## PROBLEM TO SOLVE:
Would you copy exactly the lines in the data below from the one that has "on request only." through the one that has "This is a garden", dropping any pictures?

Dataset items
↓↓↓

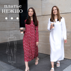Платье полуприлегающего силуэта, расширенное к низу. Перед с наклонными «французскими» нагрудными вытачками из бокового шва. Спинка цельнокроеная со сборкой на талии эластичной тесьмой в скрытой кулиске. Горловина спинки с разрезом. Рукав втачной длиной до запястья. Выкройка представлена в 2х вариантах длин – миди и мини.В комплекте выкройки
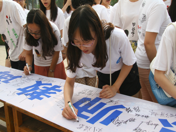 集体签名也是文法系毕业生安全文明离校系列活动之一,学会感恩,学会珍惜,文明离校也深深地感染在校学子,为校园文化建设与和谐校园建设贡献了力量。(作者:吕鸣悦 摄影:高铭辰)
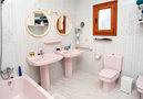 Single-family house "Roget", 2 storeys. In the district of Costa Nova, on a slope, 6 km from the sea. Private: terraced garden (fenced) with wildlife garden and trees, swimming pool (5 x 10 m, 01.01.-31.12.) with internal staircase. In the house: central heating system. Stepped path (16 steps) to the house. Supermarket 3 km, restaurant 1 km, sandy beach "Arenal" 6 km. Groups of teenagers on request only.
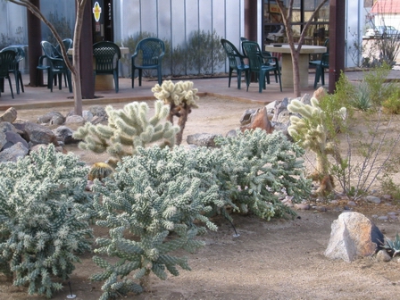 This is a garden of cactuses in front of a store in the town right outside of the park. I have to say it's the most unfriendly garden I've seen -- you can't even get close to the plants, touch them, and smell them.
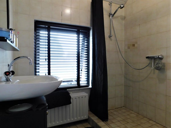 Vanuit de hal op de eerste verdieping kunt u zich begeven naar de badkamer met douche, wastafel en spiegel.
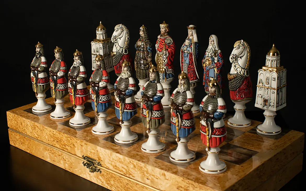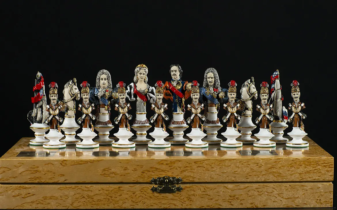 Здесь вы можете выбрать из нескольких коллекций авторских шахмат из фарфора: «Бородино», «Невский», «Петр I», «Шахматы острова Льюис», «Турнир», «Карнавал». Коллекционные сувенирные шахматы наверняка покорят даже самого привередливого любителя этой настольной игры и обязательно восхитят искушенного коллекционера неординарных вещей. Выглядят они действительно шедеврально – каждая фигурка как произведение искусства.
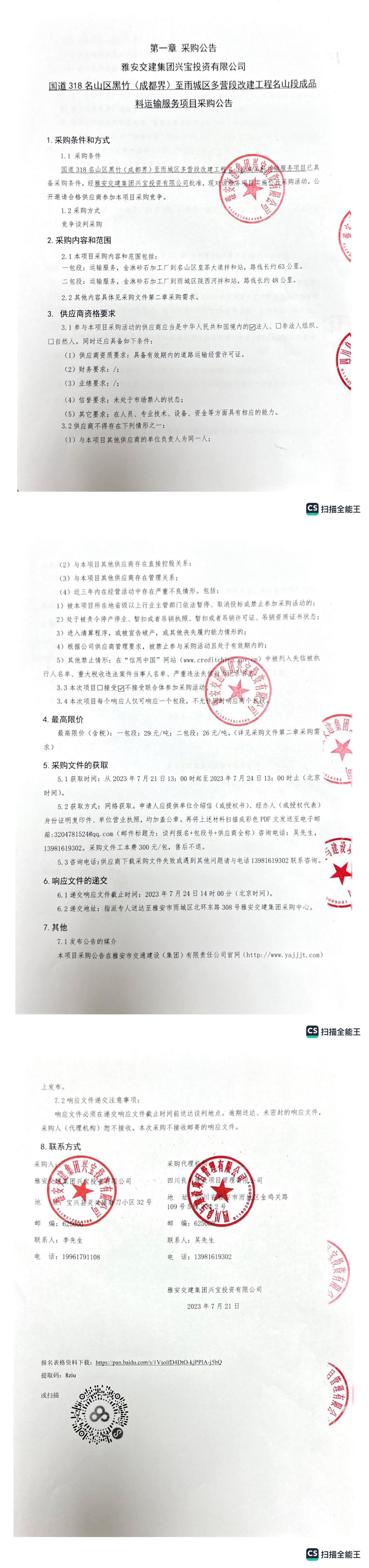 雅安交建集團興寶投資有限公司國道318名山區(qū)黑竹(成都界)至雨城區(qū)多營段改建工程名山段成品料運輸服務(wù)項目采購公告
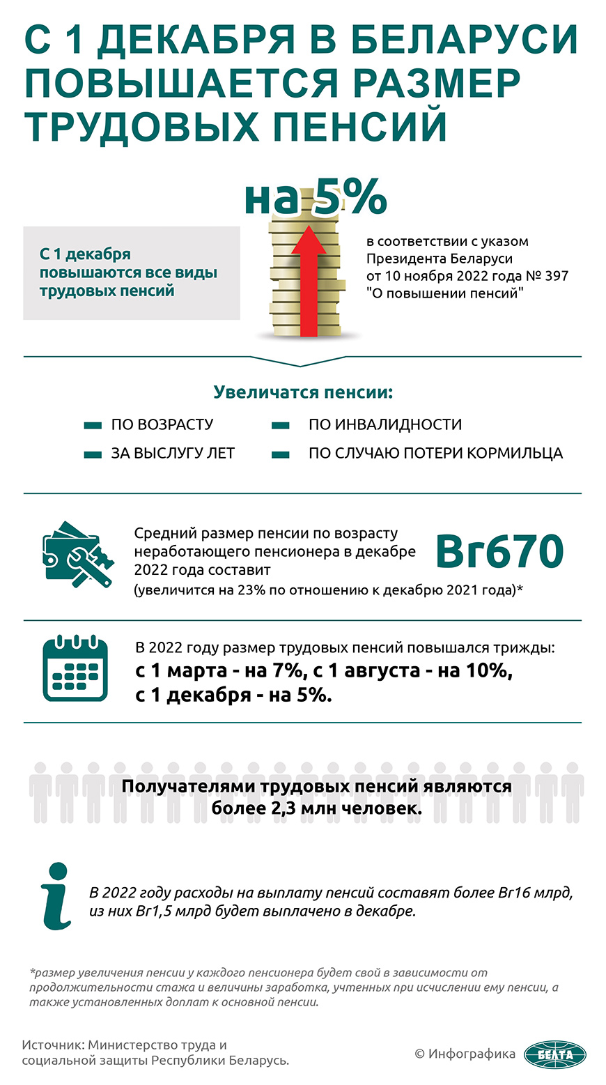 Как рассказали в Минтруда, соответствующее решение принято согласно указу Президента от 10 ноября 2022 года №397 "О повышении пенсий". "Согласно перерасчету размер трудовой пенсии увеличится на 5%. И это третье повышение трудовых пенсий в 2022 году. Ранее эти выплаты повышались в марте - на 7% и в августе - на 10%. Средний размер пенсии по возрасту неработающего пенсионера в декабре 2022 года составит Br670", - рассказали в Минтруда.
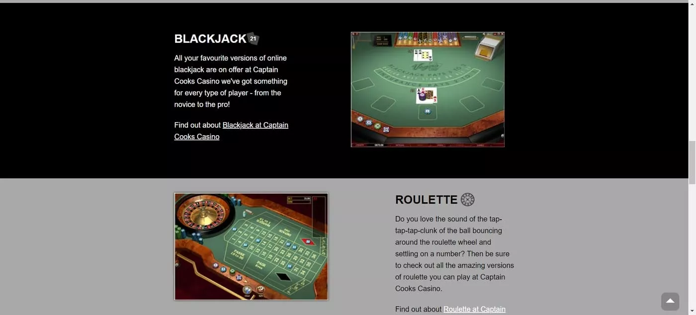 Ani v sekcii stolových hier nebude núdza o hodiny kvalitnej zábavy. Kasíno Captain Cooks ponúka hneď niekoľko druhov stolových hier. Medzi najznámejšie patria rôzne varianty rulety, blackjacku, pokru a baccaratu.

↑↑↑

## COMPLETED TASK:
 Single-family house "Roget", 2 storeys. In the district of Costa Nova, on a slope, 6 km from the sea. Private: terraced garden (fenced) with wildlife garden and trees, swimming pool (5 x 10 m, 01.01.-31.12.) with internal staircase. In the house: central heating system. Stepped path (16 steps) to the house. Supermarket 3 km, restaurant 1 km, sandy beach "Arenal" 6 km. Groups of teenagers on request only.
 This is a garden of cactuses in front of a store in the town right outside of the park. I have to say it's the most unfriendly garden I've seen -- you can't even get close to the plants, touch them, and smell them.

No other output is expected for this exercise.